§ TASK DETAILS
The line with "Tra risate e" marks the first line to copy, and the line with "La mandarina dorada" marks the last. Transcribe that stretch of the data below exactly, without pictures.

§ RECORDS TO USE
<<<<

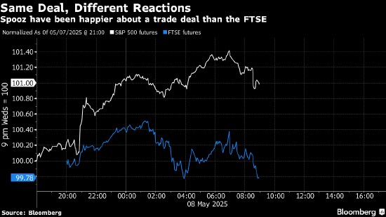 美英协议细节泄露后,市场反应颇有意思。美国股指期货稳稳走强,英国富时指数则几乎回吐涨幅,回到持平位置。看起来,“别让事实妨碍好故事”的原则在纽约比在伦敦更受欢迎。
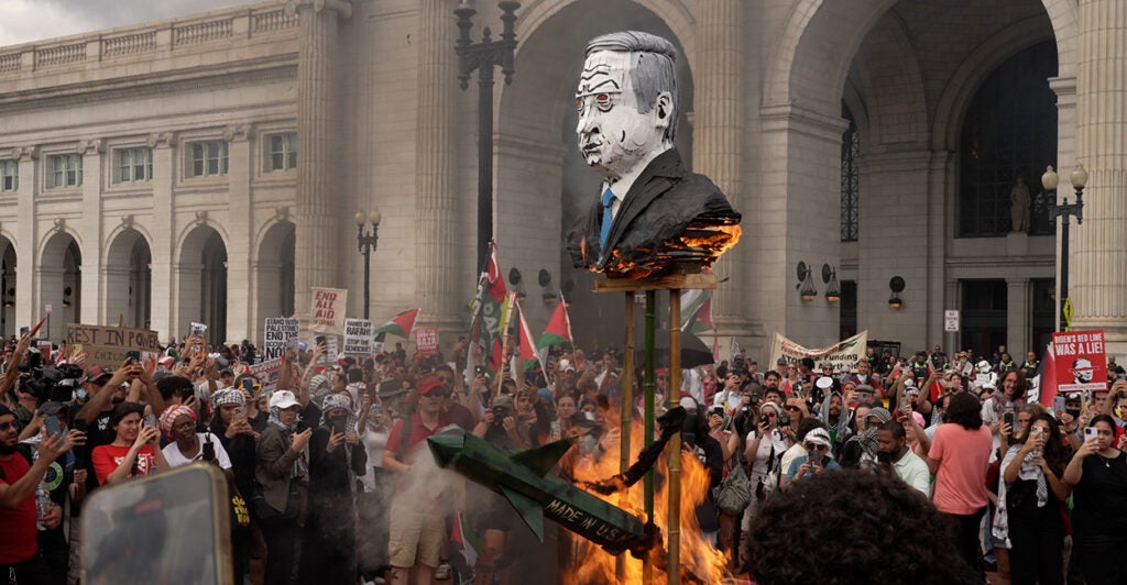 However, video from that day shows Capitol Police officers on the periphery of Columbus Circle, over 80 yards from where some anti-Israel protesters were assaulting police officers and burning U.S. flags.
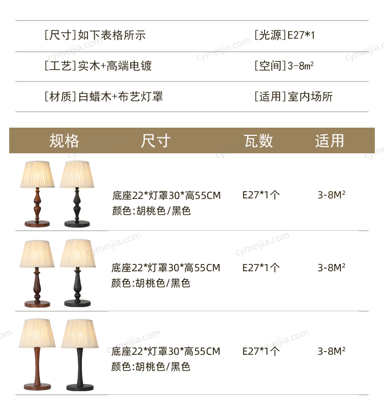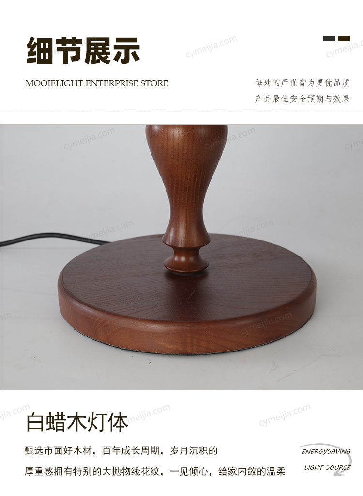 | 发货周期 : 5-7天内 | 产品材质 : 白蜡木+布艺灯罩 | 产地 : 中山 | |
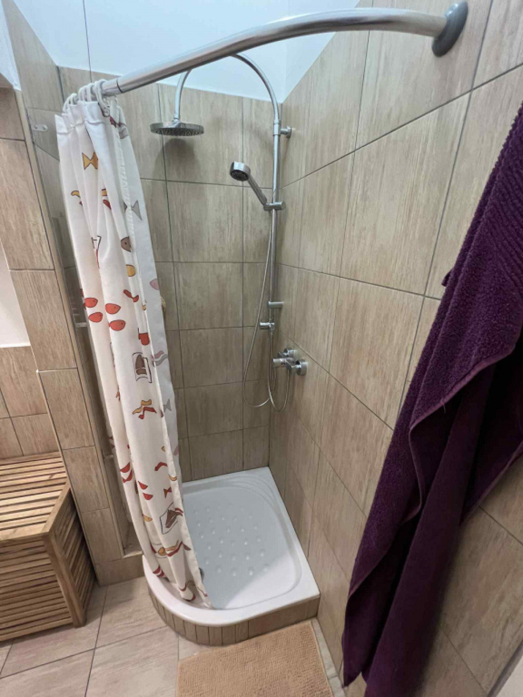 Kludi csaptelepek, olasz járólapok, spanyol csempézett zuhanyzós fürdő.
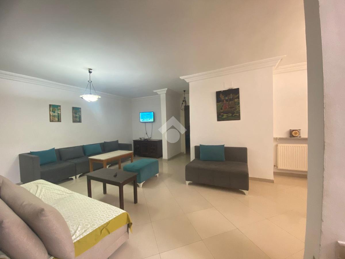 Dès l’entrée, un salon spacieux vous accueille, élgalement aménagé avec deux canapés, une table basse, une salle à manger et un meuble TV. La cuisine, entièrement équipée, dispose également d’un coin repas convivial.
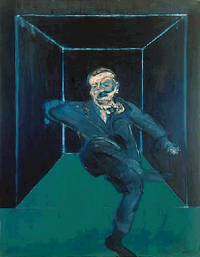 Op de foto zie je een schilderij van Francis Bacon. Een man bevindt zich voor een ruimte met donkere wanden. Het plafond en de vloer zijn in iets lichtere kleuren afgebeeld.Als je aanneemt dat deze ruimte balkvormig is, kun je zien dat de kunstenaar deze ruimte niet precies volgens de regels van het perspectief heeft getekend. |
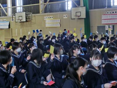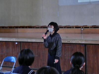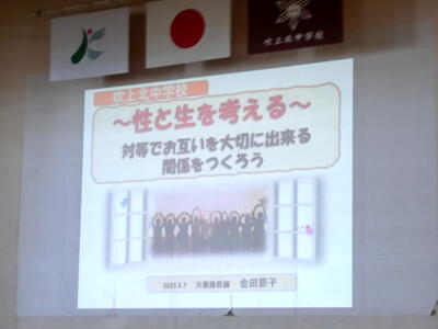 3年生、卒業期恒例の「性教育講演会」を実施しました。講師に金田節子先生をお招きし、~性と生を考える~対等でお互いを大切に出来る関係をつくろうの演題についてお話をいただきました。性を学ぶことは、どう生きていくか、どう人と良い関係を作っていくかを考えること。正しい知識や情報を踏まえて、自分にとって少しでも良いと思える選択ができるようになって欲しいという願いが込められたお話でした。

>>>>
<<<<

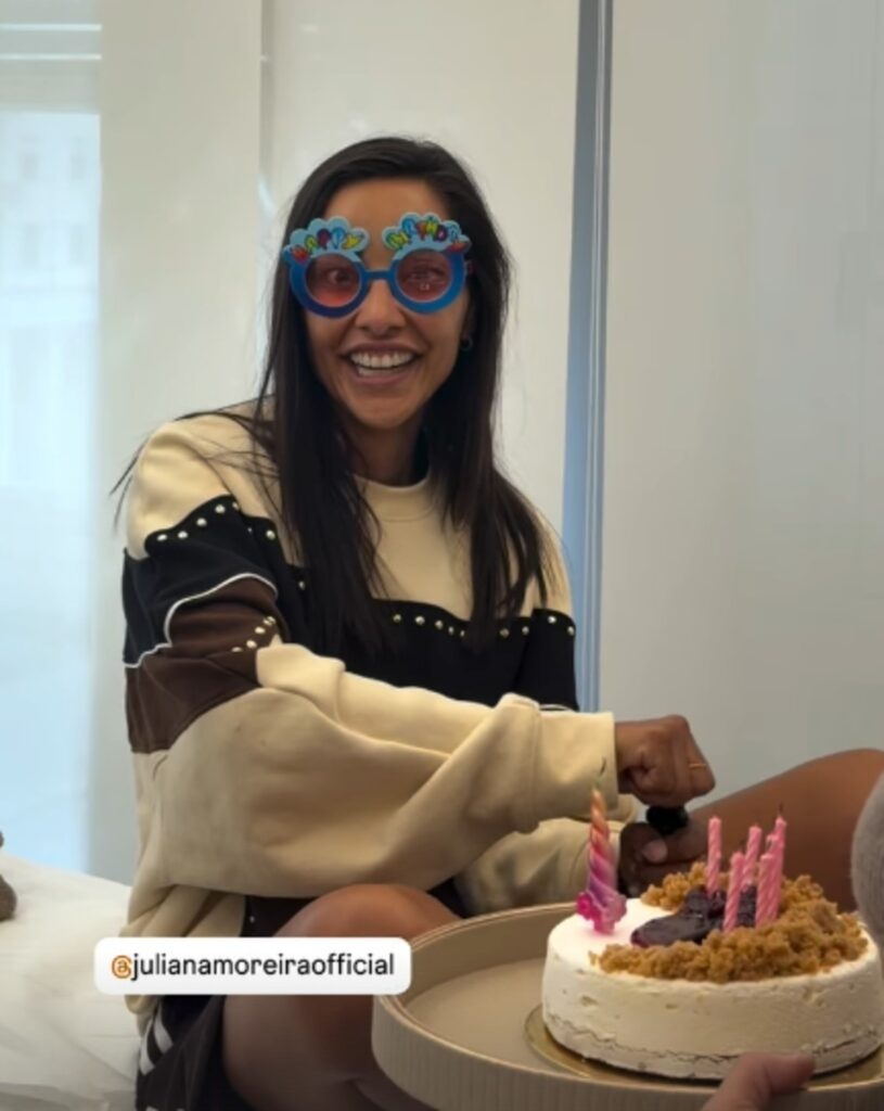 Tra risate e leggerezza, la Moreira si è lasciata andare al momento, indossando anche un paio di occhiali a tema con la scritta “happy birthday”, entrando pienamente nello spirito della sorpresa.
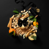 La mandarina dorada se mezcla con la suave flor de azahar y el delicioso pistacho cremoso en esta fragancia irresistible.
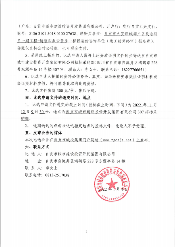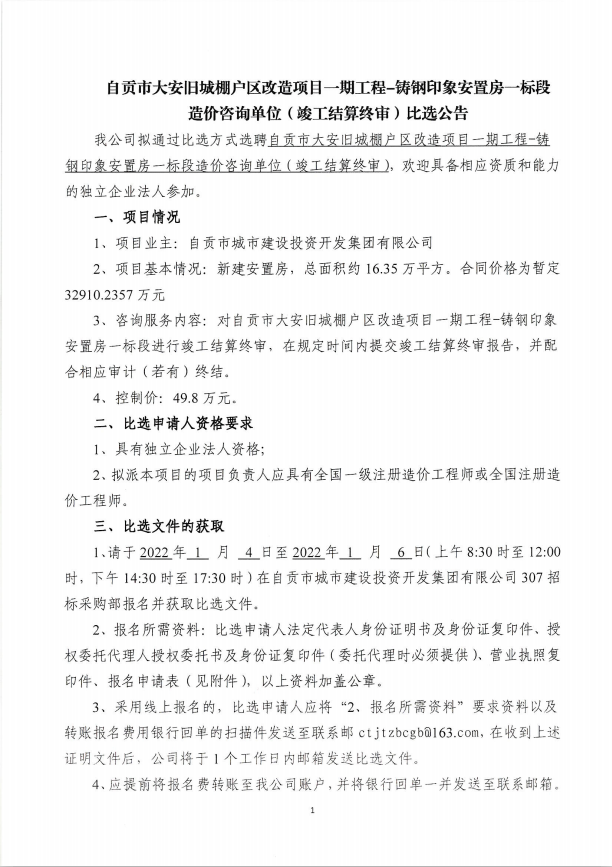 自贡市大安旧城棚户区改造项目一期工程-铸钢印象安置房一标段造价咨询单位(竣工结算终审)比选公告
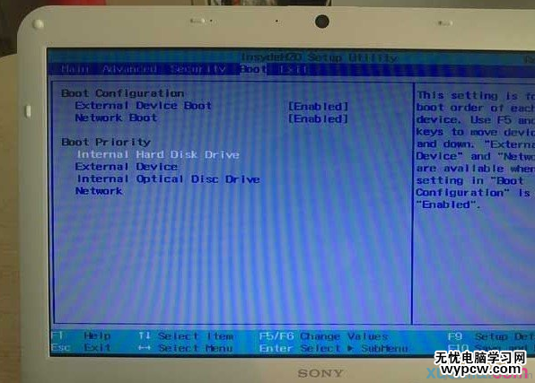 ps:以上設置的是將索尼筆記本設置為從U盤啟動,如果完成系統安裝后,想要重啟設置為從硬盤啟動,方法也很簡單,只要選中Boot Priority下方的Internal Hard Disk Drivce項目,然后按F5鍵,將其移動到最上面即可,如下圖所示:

>>>>
<<<<

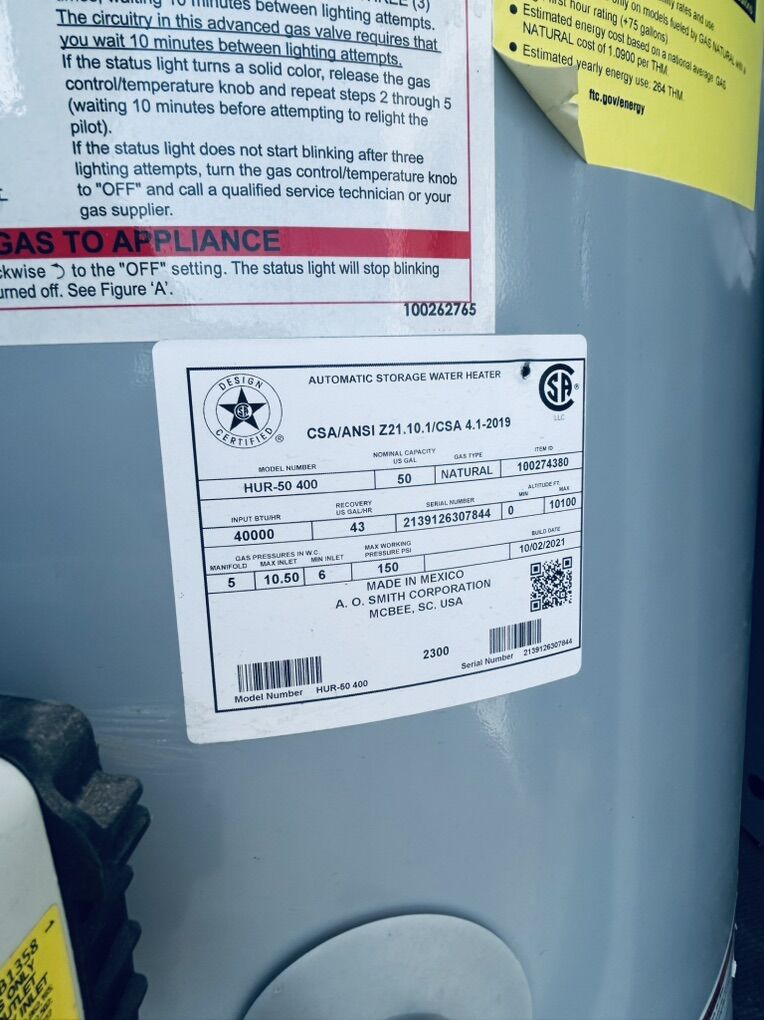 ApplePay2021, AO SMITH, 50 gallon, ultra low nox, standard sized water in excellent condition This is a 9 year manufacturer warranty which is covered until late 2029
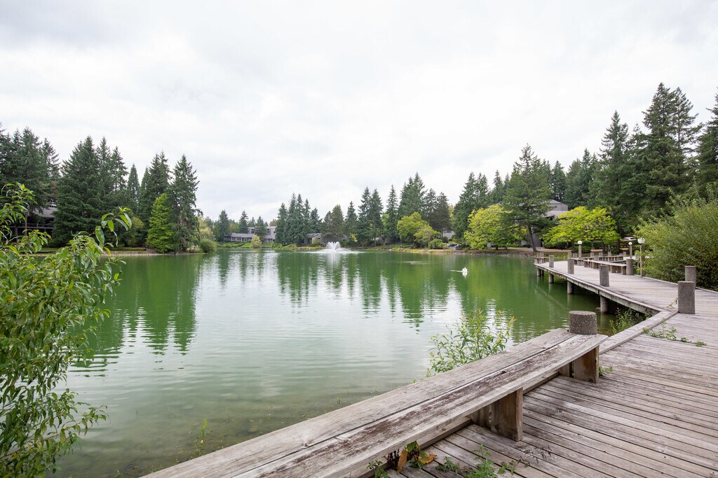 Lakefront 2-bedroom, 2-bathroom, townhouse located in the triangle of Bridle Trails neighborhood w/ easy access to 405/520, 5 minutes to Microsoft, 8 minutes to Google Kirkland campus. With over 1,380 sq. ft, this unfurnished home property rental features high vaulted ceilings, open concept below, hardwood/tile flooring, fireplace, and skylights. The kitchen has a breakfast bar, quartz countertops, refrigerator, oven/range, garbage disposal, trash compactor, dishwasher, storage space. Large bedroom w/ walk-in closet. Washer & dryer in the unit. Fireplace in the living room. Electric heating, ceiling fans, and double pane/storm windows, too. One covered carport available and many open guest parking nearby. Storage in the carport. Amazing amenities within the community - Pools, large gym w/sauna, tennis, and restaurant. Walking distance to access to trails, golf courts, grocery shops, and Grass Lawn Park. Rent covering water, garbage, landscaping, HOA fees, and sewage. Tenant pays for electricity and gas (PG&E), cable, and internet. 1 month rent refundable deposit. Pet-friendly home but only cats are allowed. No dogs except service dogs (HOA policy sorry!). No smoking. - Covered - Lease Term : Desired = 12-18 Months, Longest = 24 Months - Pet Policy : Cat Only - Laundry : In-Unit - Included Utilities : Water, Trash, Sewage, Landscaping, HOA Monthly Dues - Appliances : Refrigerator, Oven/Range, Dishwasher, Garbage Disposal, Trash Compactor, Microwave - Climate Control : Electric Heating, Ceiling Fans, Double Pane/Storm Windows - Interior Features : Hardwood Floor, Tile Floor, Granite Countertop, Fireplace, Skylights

>>>>

§ SOLUTION
 Tra risate e leggerezza, la Moreira si è lasciata andare al momento, indossando anche un paio di occhiali a tema con la scritta “happy birthday”, entrando pienamente nello spirito della sorpresa.
 La mandarina dorada se mezcla con la suave flor de azahar y el delicioso pistacho cremoso en esta fragancia irresistible.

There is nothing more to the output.